CyberTalents: Cryptography Category

CyberTalents: Cryptography Category

Crack The Hash

A hacker leaked the below hash online.
Can you crack it to know the password of the CEO?
1ab566b9fa5c0297295743e7c2a6ec27

Solution: Reversing the MD5 gives us Iamtheflag

Guess The Password

A hacker leaked the below hash online.
Can you crack it to know the password of the CEO?
The flag is the password
Hash: 06f8aa28b9237866e3e289f18ade19e1736d809d

Solution: Reversing the SHA-1 gives us jrahyn+

Postbase

We got these letters and numbers and don't understand them. Can you?
R[corrupted]BR3tCNDUzXzYxWDdZXzRSfQ==

Solution: The trailing == looks like a BASE64 string.
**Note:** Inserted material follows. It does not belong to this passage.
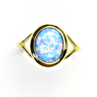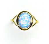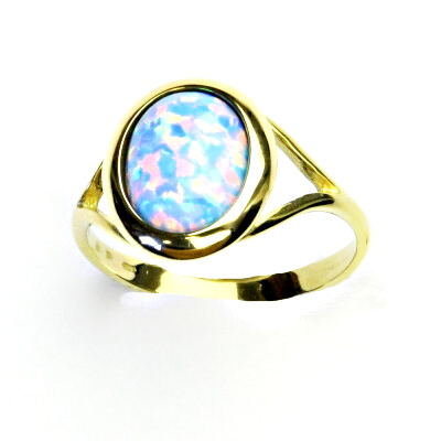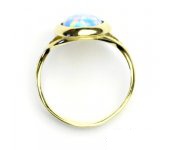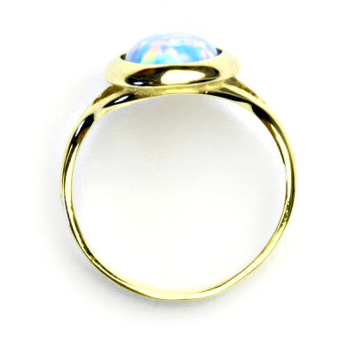Prstýnek z bílého zlata je zdoben světle modrým syntetickým opálem o rozměru 10x8 mm. Materiál je zlato 585/1000. Orientační váha prstenu ve velikosti 53 je 3 g.
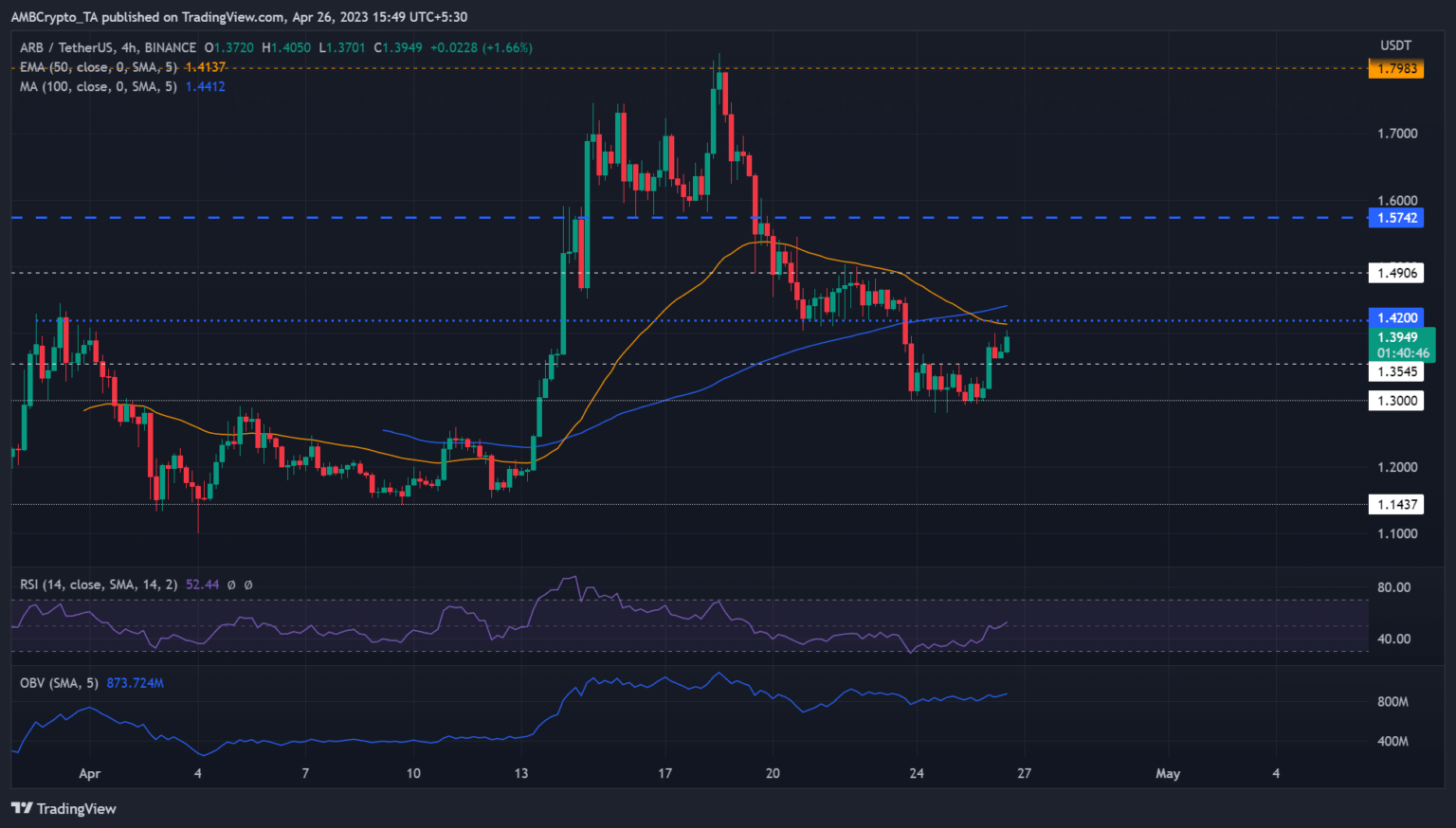 Arbitrum [ARB] fought fiercely to safe the $1.300 assist. Since 23 April, sellers threatened to crack the assist, however bulls remained steadfast.

Let's remove R[corrupted] part and decode it. We get G{B453_61X7Y_4R}. Now, it's common sense that the complete flag would be FLAG{B453_61X7Y_4R}

Hide Data

I used to hide my data with a classic cypher, can you get the flag hidden inside?
gur synt vf 2w68lsudym Vg vf cerggl rnfl gb frr gur synt ohg pna lbh frr vg v gbbx arneyl 1 zvahgr gb rapbqr guvf jvgu EBG13 tbbq yhpx va fbyivat gung

Solution: This looks like a classic ROT13 encryption. Let's decrypt and we get the following:

the flag is 2j68yfhqlz It is pretty easy to see the flag but can you see it i took nearly 1 minute to encode this with ROT13 good luck in solving that

The flag is 2j68yfhqlz

RSA101

we received a message from our agent but we don't know how to use our key to read the message.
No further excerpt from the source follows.